Entries provided
----

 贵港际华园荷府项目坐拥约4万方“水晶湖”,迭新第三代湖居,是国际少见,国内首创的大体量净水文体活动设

----

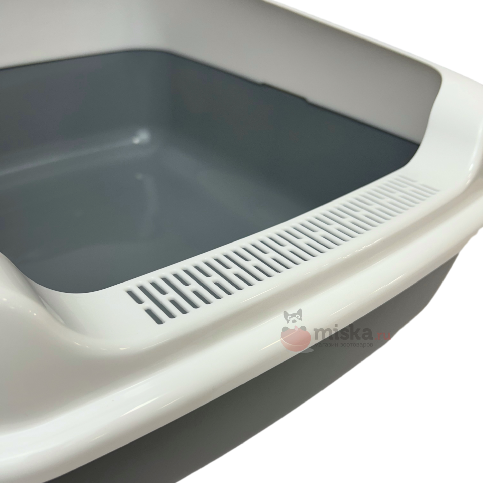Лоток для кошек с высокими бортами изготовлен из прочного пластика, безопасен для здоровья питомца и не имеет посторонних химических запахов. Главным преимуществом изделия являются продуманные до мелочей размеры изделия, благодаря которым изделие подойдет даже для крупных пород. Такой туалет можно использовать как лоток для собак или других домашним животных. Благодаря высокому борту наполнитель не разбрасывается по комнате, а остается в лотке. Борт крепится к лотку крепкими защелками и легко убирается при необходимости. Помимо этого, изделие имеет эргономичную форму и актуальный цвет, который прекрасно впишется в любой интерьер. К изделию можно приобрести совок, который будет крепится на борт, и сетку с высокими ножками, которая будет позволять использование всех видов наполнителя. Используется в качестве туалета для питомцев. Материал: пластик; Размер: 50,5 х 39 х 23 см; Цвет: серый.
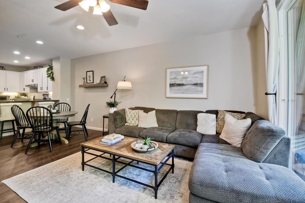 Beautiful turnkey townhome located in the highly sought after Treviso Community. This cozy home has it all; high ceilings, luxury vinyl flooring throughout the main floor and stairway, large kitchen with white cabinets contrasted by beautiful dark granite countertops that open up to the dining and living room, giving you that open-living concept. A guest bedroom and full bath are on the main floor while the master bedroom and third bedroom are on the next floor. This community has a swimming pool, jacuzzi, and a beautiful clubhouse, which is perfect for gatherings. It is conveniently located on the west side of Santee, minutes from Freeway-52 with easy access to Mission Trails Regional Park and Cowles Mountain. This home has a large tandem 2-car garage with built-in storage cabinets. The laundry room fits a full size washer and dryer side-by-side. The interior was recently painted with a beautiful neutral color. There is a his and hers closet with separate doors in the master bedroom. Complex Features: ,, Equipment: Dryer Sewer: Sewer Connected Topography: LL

----

Instructions to follow
Once the line with "Лоток для кошек" has been found above, output that line and every later line exactly, stopping after the line with "Beautiful turnkey townhome", and omit the pictures.

Task response
Лоток для кошек с высокими бортами изготовлен из прочного пластика, безопасен для здоровья питомца и не имеет посторонних химических запахов. Главным преимуществом изделия являются продуманные до мелочей размеры изделия, благодаря которым изделие подойдет даже для крупных пород. Такой туалет можно использовать как лоток для собак или других домашним животных. Благодаря высокому борту наполнитель не разбрасывается по комнате, а остается в лотке. Борт крепится к лотку крепкими защелками и легко убирается при необходимости. Помимо этого, изделие имеет эргономичную форму и актуальный цвет, который прекрасно впишется в любой интерьер. К изделию можно приобрести совок, который будет крепится на борт, и сетку с высокими ножками, которая будет позволять использование всех видов наполнителя. Используется в качестве туалета для питомцев. Материал: пластик; Размер: 50,5 х 39 х 23 см; Цвет: серый.
 Beautiful turnkey townhome located in the highly sought after Treviso Community. This cozy home has it all; high ceilings, luxury vinyl flooring throughout the main floor and stairway, large kitchen with white cabinets contrasted by beautiful dark granite countertops that open up to the dining and living room, giving you that open-living concept. A guest bedroom and full bath are on the main floor while the master bedroom and third bedroom are on the next floor. This community has a swimming pool, jacuzzi, and a beautiful clubhouse, which is perfect for gatherings. It is conveniently located on the west side of Santee, minutes from Freeway-52 with easy access to Mission Trails Regional Park and Cowles Mountain. This home has a large tandem 2-car garage with built-in storage cabinets. The laundry room fits a full size washer and dryer side-by-side. The interior was recently painted with a beautiful neutral color. There is a his and hers closet with separate doors in the master bedroom. Complex Features: ,, Equipment: Dryer Sewer: Sewer Connected Topography: LL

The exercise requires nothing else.